§ **Task to carry out**: Within the entries below, the lines from the one with "工会情况进行汇报:第一,加强" through the one with "项目高层立面的设计灵感源自武" are to be set down exactly, both ends kept.

§ **Data to examine**:
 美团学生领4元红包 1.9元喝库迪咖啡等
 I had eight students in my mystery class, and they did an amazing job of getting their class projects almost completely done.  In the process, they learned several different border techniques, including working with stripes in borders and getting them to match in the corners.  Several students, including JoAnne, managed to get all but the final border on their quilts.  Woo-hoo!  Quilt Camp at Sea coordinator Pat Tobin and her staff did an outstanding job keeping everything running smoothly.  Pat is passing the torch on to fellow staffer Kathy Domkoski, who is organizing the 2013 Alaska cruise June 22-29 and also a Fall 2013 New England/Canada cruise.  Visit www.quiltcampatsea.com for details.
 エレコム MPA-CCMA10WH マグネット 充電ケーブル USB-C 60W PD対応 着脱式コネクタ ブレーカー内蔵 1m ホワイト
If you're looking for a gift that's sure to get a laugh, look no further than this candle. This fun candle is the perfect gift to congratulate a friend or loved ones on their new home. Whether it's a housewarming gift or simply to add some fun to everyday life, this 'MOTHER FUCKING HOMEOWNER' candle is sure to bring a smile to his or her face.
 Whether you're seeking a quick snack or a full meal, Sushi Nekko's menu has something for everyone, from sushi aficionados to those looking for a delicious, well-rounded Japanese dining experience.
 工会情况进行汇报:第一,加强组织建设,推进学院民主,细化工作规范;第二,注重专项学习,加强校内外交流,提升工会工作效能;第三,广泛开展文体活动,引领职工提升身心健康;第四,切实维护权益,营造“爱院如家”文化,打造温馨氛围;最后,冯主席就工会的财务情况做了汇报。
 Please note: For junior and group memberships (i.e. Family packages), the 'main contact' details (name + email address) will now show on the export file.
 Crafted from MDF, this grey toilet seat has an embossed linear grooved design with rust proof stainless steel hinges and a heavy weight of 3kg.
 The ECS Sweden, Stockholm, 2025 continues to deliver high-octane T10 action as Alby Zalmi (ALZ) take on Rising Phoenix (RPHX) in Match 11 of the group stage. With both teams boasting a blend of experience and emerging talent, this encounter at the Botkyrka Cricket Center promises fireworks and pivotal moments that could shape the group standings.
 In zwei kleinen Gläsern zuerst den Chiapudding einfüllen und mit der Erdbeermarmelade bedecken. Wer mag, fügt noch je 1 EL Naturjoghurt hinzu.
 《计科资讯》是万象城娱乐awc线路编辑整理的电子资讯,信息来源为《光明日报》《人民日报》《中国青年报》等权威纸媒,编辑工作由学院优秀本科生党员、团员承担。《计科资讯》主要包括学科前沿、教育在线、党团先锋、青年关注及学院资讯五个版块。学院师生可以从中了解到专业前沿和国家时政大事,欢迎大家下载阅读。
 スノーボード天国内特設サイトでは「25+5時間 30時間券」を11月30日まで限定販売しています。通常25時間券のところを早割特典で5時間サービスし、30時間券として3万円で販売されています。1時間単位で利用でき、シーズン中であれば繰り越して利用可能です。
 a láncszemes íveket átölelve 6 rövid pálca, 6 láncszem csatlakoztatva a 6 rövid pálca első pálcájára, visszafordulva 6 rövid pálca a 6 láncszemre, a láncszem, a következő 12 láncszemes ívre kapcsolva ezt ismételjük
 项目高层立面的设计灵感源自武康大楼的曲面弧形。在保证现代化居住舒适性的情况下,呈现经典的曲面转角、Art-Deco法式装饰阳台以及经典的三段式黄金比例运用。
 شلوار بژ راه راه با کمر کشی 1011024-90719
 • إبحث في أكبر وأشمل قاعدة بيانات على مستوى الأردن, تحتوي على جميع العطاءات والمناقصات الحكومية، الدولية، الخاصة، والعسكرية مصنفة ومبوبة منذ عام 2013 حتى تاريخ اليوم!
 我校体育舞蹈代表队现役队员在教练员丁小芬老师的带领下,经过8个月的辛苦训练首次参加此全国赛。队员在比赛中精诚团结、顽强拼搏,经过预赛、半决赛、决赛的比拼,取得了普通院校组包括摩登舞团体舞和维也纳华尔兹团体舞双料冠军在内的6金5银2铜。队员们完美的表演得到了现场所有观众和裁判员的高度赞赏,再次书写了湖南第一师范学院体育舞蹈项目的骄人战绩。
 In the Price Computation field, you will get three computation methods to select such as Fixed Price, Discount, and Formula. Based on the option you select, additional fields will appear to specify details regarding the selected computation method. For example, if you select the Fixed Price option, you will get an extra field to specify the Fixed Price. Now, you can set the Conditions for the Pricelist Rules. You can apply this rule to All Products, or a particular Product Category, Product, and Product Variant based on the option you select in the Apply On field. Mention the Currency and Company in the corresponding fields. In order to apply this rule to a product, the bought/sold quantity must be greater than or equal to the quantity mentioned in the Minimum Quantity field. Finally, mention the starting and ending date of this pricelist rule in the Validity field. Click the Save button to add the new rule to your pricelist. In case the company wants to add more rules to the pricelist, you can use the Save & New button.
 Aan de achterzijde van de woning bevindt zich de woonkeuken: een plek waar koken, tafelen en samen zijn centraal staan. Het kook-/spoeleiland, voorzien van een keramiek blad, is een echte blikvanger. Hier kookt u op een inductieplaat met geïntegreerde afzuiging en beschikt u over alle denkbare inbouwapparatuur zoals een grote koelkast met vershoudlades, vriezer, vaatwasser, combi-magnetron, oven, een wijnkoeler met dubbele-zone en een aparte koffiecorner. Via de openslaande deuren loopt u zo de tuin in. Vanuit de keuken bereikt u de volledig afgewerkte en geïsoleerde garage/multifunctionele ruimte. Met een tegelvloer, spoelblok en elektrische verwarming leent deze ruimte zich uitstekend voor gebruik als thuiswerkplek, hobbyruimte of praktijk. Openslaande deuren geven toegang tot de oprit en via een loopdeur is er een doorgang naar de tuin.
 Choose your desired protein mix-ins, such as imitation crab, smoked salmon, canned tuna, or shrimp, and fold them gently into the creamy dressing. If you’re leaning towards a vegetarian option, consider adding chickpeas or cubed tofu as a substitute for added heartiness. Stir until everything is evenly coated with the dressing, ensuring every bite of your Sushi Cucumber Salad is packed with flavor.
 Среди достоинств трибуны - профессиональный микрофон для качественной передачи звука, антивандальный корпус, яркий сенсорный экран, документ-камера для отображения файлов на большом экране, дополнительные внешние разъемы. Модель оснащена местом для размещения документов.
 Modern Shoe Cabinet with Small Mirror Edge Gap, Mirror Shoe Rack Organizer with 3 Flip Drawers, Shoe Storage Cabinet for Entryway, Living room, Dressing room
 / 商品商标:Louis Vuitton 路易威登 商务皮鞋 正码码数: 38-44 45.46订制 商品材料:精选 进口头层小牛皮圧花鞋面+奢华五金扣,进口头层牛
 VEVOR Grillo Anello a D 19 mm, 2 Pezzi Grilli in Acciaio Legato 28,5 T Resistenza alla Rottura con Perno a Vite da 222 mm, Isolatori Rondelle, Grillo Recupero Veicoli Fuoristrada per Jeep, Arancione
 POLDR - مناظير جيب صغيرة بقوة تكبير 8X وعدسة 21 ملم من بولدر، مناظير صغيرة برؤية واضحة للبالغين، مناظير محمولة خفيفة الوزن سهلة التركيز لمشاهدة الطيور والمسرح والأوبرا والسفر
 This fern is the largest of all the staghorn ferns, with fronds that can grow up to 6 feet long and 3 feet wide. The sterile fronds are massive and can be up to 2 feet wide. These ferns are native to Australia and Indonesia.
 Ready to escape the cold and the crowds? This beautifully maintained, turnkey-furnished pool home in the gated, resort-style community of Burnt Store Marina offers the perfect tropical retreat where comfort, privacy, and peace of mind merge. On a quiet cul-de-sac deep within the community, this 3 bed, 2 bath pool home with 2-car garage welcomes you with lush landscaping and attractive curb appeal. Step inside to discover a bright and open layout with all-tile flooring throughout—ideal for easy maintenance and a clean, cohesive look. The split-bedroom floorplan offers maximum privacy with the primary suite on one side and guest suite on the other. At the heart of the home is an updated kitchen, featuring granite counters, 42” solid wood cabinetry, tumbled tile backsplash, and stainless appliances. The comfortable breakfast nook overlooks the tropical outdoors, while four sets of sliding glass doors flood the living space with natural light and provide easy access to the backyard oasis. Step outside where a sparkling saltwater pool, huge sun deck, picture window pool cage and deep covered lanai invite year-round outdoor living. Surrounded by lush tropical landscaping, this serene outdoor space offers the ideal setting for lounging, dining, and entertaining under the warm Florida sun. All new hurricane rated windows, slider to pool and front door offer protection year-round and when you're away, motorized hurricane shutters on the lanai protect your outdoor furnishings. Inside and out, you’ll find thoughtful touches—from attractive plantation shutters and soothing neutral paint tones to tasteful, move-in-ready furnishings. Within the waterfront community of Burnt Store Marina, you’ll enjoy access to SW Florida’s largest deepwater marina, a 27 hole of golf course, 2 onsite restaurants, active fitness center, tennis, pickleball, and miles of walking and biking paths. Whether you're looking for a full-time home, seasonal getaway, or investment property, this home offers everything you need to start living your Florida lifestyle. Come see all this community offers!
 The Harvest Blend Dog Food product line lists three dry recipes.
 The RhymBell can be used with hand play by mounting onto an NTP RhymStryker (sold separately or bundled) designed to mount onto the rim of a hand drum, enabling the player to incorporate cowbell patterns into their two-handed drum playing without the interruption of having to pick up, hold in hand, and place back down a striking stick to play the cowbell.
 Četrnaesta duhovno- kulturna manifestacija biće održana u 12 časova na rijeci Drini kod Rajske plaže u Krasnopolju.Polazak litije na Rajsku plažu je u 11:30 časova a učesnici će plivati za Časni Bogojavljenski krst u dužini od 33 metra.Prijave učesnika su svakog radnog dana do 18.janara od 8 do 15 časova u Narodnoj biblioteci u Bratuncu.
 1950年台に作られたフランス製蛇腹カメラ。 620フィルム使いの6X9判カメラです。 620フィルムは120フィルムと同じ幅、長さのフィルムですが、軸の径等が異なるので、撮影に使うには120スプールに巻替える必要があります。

§ **Written solution**:
 工会情况进行汇报:第一,加强组织建设,推进学院民主,细化工作规范;第二,注重专项学习,加强校内外交流,提升工会工作效能;第三,广泛开展文体活动,引领职工提升身心健康;第四,切实维护权益,营造“爱院如家”文化,打造温馨氛围;最后,冯主席就工会的财务情况做了汇报。
 Please note: For junior and group memberships (i.e. Family packages), the 'main contact' details (name + email address) will now show on the export file.
 Crafted from MDF, this grey toilet seat has an embossed linear grooved design with rust proof stainless steel hinges and a heavy weight of 3kg.
 The ECS Sweden, Stockholm, 2025 continues to deliver high-octane T10 action as Alby Zalmi (ALZ) take on Rising Phoenix (RPHX) in Match 11 of the group stage. With both teams boasting a blend of experience and emerging talent, this encounter at the Botkyrka Cricket Center promises fireworks and pivotal moments that could shape the group standings.
 In zwei kleinen Gläsern zuerst den Chiapudding einfüllen und mit der Erdbeermarmelade bedecken. Wer mag, fügt noch je 1 EL Naturjoghurt hinzu.
 《计科资讯》是万象城娱乐awc线路编辑整理的电子资讯,信息来源为《光明日报》《人民日报》《中国青年报》等权威纸媒,编辑工作由学院优秀本科生党员、团员承担。《计科资讯》主要包括学科前沿、教育在线、党团先锋、青年关注及学院资讯五个版块。学院师生可以从中了解到专业前沿和国家时政大事,欢迎大家下载阅读。
 スノーボード天国内特設サイトでは「25+5時間 30時間券」を11月30日まで限定販売しています。通常25時間券のところを早割特典で5時間サービスし、30時間券として3万円で販売されています。1時間単位で利用でき、シーズン中であれば繰り越して利用可能です。
 a láncszemes íveket átölelve 6 rövid pálca, 6 láncszem csatlakoztatva a 6 rövid pálca első pálcájára, visszafordulva 6 rövid pálca a 6 láncszemre, a láncszem, a következő 12 láncszemes ívre kapcsolva ezt ismételjük
 项目高层立面的设计灵感源自武康大楼的曲面弧形。在保证现代化居住舒适性的情况下,呈现经典的曲面转角、Art-Deco法式装饰阳台以及经典的三段式黄金比例运用。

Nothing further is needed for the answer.